Bernstein sacó un oftalmoscopio de su maletín y centró la luz en los ojos del anciano. Finalmente alzó la mirada hacia Moore.
—Una corrección: tienes un gran problema aquí. ¿Qué le pasó a este hombre, Salomón?
—Esperaba que tú me ayudaras a saberlo.
—¿Quién es?
—Krebbs —dijo Moore.
—¿El viejo que intentó embaucarte? —preguntó Bernstein—. Me dijiste que le faltaba…
—Un ojo y varios dedos. Lo sé.
—¿Tienes algún motivo para creer que pudiste confundirte? —inquirió Bernstein.
—Ninguno.
—En ese caso, este hombre no puede ser Krebbs.
—Es Krebbs —afirmó Moore.
—¿Qué te hace pensar así, Salomón?
—No lo pienso. Lo sé. Demonios, ¿cómo voy a olvidar su aspecto?
—Hay muchos hombres parecidos —sugirió Bernstein.
—No estamos hablando de muchos hombres —espetó Moore—. Hablamos de un viejo especial… ¡un viejo llamado Krebbs, que resulta ser mi único vínculo con Jeremías!

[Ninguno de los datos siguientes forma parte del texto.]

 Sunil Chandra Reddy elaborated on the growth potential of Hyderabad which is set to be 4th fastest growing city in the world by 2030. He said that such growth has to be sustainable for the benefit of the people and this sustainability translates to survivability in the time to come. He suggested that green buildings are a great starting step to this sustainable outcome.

—¿Por qué no coges el teléfono, llamas al hospital más próximo y preguntas cuándo fue la última vez que tuvieron un caso de regeneración digital en un ser humano? —dijo Bernstein, irritado.
—Un poco menos de aires de superioridad y un poco más de medicina —repuso Moore—. Yo digo que es Krebbs, tú dices que no lo es. Estupendo. Olvidaremos esto de momento. ¿Puedes explicarme qué le pasa?
—¿En un segundo?
—Antes, si es posible.
Bernstein examinó de nuevo al anciano, comprobó el pulso, el ritmo cardiaco, la respiración y los reflejos. Por último, se apartó de él y respiró profundamente.

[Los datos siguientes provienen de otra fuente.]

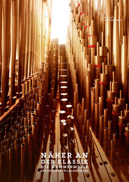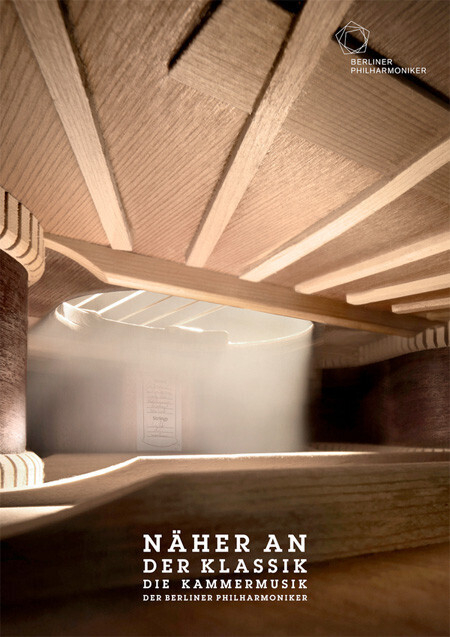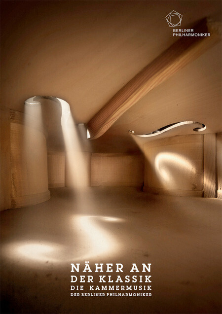 Музыка прекрасна, и то место, где она зарождается, не может быть менее прекрасным. Это подтверждают фотографии, созданные в качестве рекламных плакатов для Филармонического Оркестра Берлина. На них изображены музыкальные инструменты (скрипка, флейта и др.), снятые изнутри и передающие ощущение большого объема, красоты в игре света и гармонии.

—No has recurrido al médico apropiado, Salomón. Para la edad que tiene, este hombre goza de excelente salud. Diría que necesita un buen psiquiatra, y subrayo la palabra «buen».
—¿Por qué?
—El doctor Freud, descanse en paz, opinaría que se trata de un caso típico de histeria. Puesto que el término ha llegado a significar chillidos y desvaríos, lo corrijo y digo que este hombre sufre una conmoción grave.
—¿Hasta qué punto grave?
—En pocas palabras, parece haber hecho estallar todos los circuitos neurales del cerebro. Naturalmente se trata tan sólo de mi opinión, y no soy experto. Es posible que un hombre versado en la materia discrepara totalmente y curara al viejo en cinco minutos.
—¿Cuánto tiempo tardarías tú? —preguntó Moore.
—Creo que no lo entiendes —dijo Bernstein—. Curar enfermos mentales, incluso emitir el diagnóstico, no es mi especialidad.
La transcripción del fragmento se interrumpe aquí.